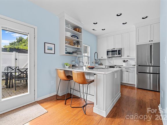 Tastefully updated end-unit townhome in incredible Wilmore location. Expect a light and bright first-floor living area with gorgeous built-ins leading into a renovated gourmet kitchen. Open, intuitive floor plan lends itself to entertaining. Charming patio space with privacy fence allows you (read: your pet) to enjoy the outdoors and private, end-unit location. Upstairs, find two well-appointed bedrooms with en-suites. Primary bathroom impeccably renovated. New roof installed 2024, and rest easy knowing exterior maintenance is handled by the HOA. Quick walk to everything South End has to offer or be Uptown in minutes, all while maintaining charming Wilmore neighborhood feel. (Plus you never have to pay for parking in South End/Uptown again). 100/10 would recommend.
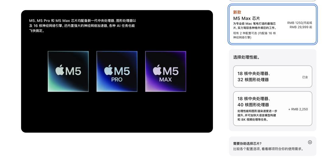 而 M5 Max 的核心配置则来到了 18 核 CPU + 32 核 GPU 起步、18 核 CPU + 40 核 GPU 封顶的规模。
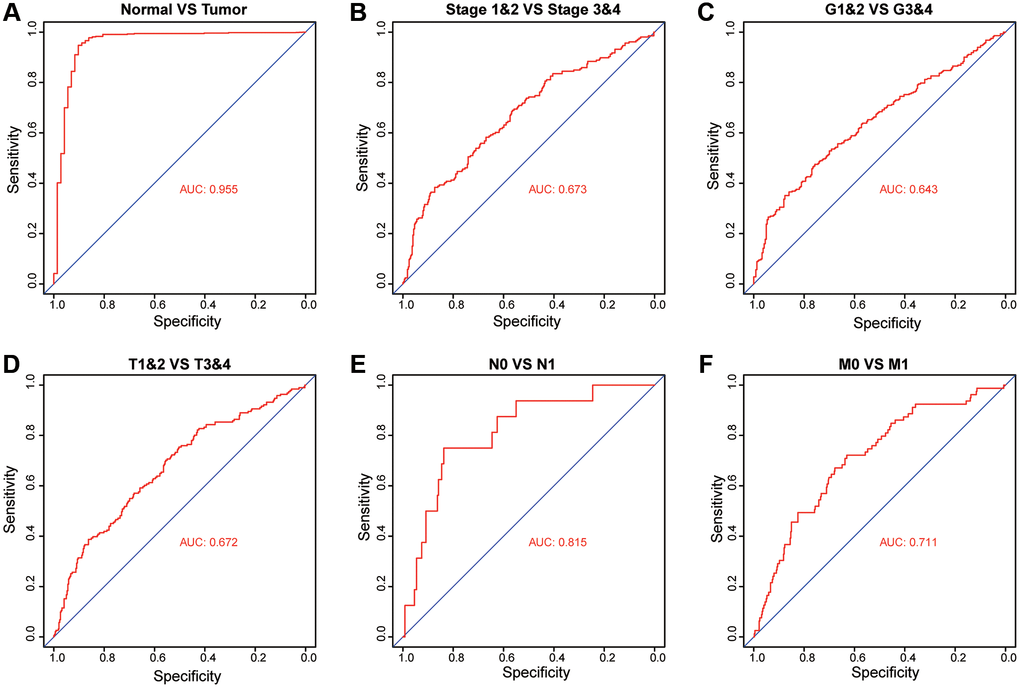 To investigate whether the expression of PKMYT1 has diagnostic value in ccRCC patients, we performed receiver operating characteristic (ROC) investigation and calculated the area under the curve (AUC) to evaluate the diagnostic efficiency. We found that PKMYT1 sufficiently differentiated ccRCC patients from normal controls when the area under the AUC curve was 0.955 (Figure 6A). In addition, the diagnostic value of PKMYT1 expression levels were also evaluated for stage I + II vs. stage III + IV (AUC, 0.673; Figure 6B), (G1 + G2) vs. (G3 + G4) stage (AUC, 0.643; Figure 6C), (T1 + T2) vs. (T3 + T4) stage (AUC, 0.672; Figure 6D), N0 vs. N1 (AUC, 0.815; Figure 6E) and M0 vs. M1 (AUC, 0.711; Figure 6F). These findings suggest that PKMYT1 may serve as a potential diagnostic biomarker for ccRCC patients with excellent performance.
_____
**What you will do**
Without the pictures, repeat every line of the material above exactly.

**Result**
 Tastefully updated end-unit townhome in incredible Wilmore location. Expect a light and bright first-floor living area with gorgeous built-ins leading into a renovated gourmet kitchen. Open, intuitive floor plan lends itself to entertaining. Charming patio space with privacy fence allows you (read: your pet) to enjoy the outdoors and private, end-unit location. Upstairs, find two well-appointed bedrooms with en-suites. Primary bathroom impeccably renovated. New roof installed 2024, and rest easy knowing exterior maintenance is handled by the HOA. Quick walk to everything South End has to offer or be Uptown in minutes, all while maintaining charming Wilmore neighborhood feel. (Plus you never have to pay for parking in South End/Uptown again). 100/10 would recommend.
 而 M5 Max 的核心配置则来到了 18 核 CPU + 32 核 GPU 起步、18 核 CPU + 40 核 GPU 封顶的规模。
 To investigate whether the expression of PKMYT1 has diagnostic value in ccRCC patients, we performed receiver operating characteristic (ROC) investigation and calculated the area under the curve (AUC) to evaluate the diagnostic efficiency. We found that PKMYT1 sufficiently differentiated ccRCC patients from normal controls when the area under the AUC curve was 0.955 (Figure 6A). In addition, the diagnostic value of PKMYT1 expression levels were also evaluated for stage I + II vs. stage III + IV (AUC, 0.673; Figure 6B), (G1 + G2) vs. (G3 + G4) stage (AUC, 0.643; Figure 6C), (T1 + T2) vs. (T3 + T4) stage (AUC, 0.672; Figure 6D), N0 vs. N1 (AUC, 0.815; Figure 6E) and M0 vs. M1 (AUC, 0.711; Figure 6F). These findings suggest that PKMYT1 may serve as a potential diagnostic biomarker for ccRCC patients with excellent performance.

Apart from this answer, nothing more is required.